**Work order:**
Would you retype, word for word, only the lines from the one holding "Conjunto Fazenda Tratores, Animais, Cercados, Moinho" through the final line of the entries below, without the pictures?
BEGIN Excerpted data
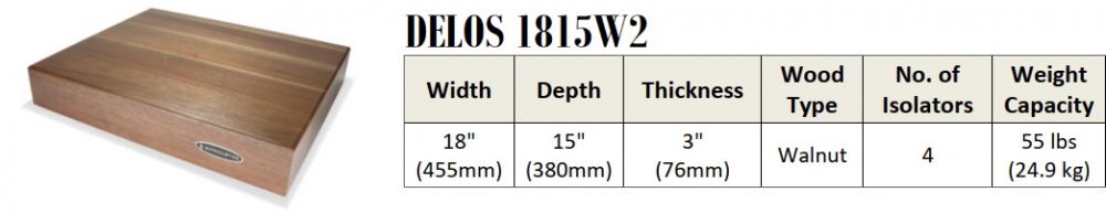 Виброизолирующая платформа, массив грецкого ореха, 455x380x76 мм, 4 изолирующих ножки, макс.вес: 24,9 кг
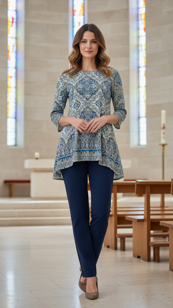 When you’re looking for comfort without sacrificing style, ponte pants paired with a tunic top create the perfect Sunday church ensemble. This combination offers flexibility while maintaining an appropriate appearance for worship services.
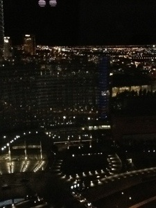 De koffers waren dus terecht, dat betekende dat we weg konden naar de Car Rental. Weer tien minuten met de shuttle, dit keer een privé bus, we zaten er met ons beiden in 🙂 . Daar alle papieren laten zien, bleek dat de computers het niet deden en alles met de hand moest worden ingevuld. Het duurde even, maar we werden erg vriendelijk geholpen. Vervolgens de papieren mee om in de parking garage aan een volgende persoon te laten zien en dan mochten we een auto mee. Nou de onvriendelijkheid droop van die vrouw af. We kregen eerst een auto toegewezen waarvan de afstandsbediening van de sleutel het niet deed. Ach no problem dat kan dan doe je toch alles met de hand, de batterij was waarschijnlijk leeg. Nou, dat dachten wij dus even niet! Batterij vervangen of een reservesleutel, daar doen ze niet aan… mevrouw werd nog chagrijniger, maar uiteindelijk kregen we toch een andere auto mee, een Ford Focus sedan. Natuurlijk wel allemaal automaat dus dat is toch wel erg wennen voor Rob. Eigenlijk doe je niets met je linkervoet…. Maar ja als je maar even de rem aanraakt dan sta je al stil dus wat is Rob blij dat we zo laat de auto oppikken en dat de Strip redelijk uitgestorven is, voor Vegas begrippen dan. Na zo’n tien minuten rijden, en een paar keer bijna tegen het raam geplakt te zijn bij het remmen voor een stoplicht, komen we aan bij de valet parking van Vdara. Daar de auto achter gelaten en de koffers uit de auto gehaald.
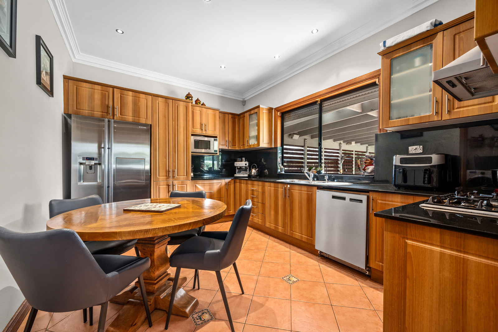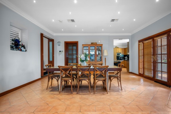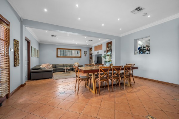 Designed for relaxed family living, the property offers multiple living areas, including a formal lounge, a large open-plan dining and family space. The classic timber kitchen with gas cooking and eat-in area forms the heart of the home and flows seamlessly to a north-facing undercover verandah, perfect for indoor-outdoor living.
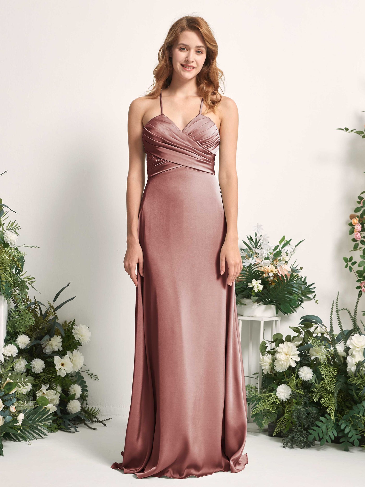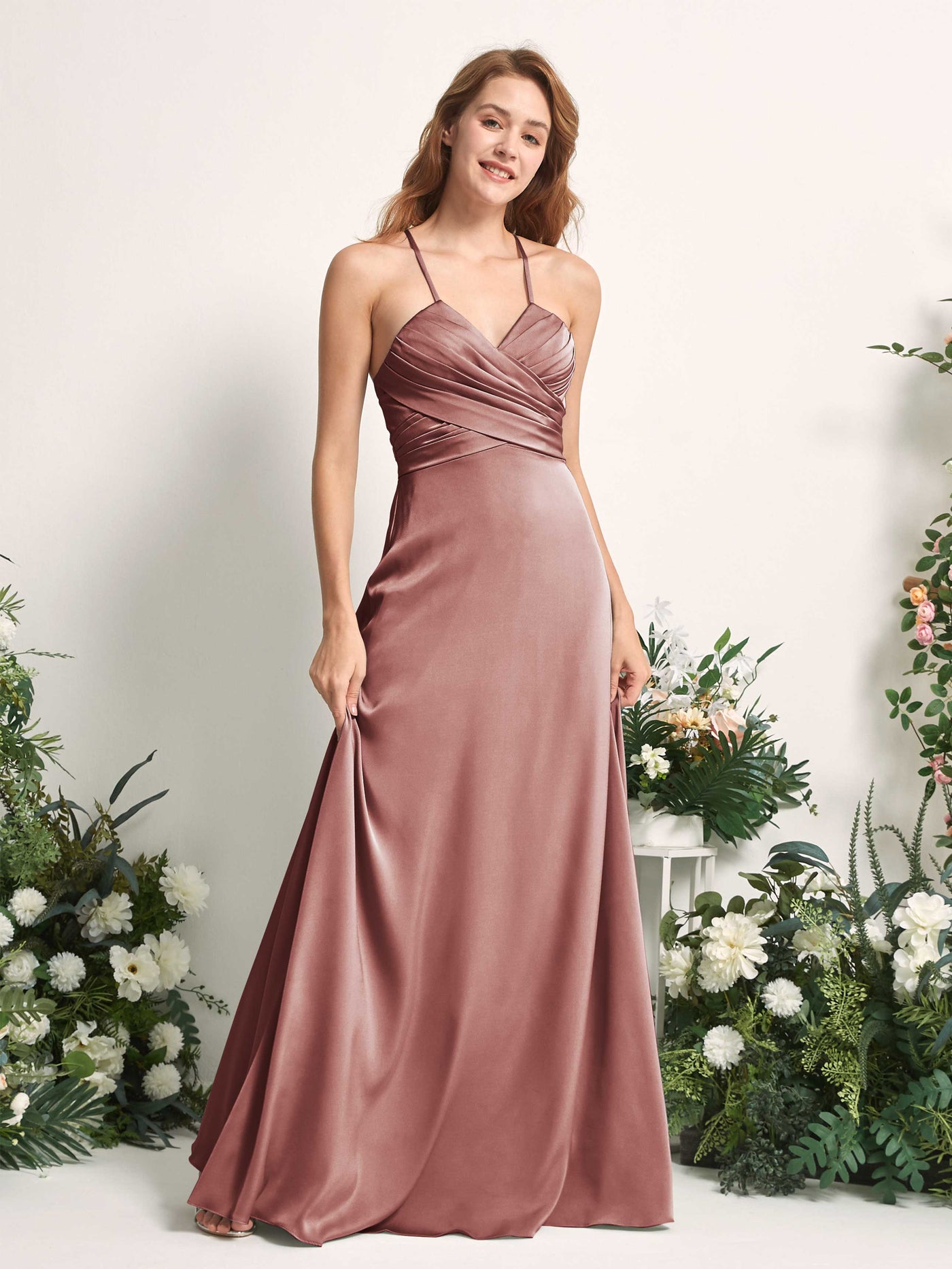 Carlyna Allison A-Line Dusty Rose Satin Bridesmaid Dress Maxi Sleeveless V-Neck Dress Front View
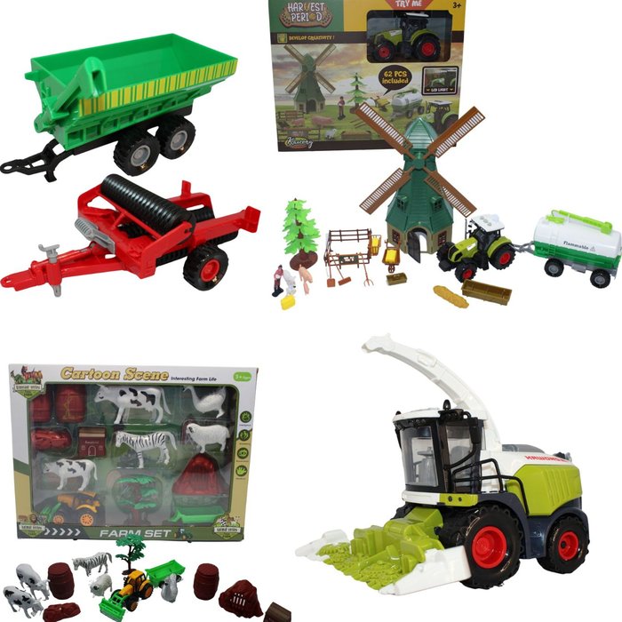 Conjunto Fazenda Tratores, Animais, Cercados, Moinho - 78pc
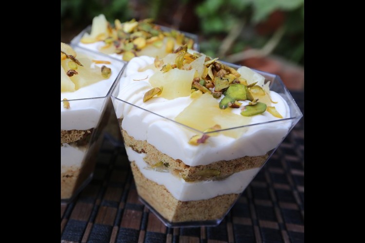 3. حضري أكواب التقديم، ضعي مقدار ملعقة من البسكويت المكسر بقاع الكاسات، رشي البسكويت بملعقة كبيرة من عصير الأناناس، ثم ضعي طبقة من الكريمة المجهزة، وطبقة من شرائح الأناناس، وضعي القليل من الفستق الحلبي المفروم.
END Excerpted data
**Task output:**
 Conjunto Fazenda Tratores, Animais, Cercados, Moinho - 78pc
 3. حضري أكواب التقديم، ضعي مقدار ملعقة من البسكويت المكسر بقاع الكاسات، رشي البسكويت بملعقة كبيرة من عصير الأناناس، ثم ضعي طبقة من الكريمة المجهزة، وطبقة من شرائح الأناناس، وضعي القليل من الفستق الحلبي المفروم.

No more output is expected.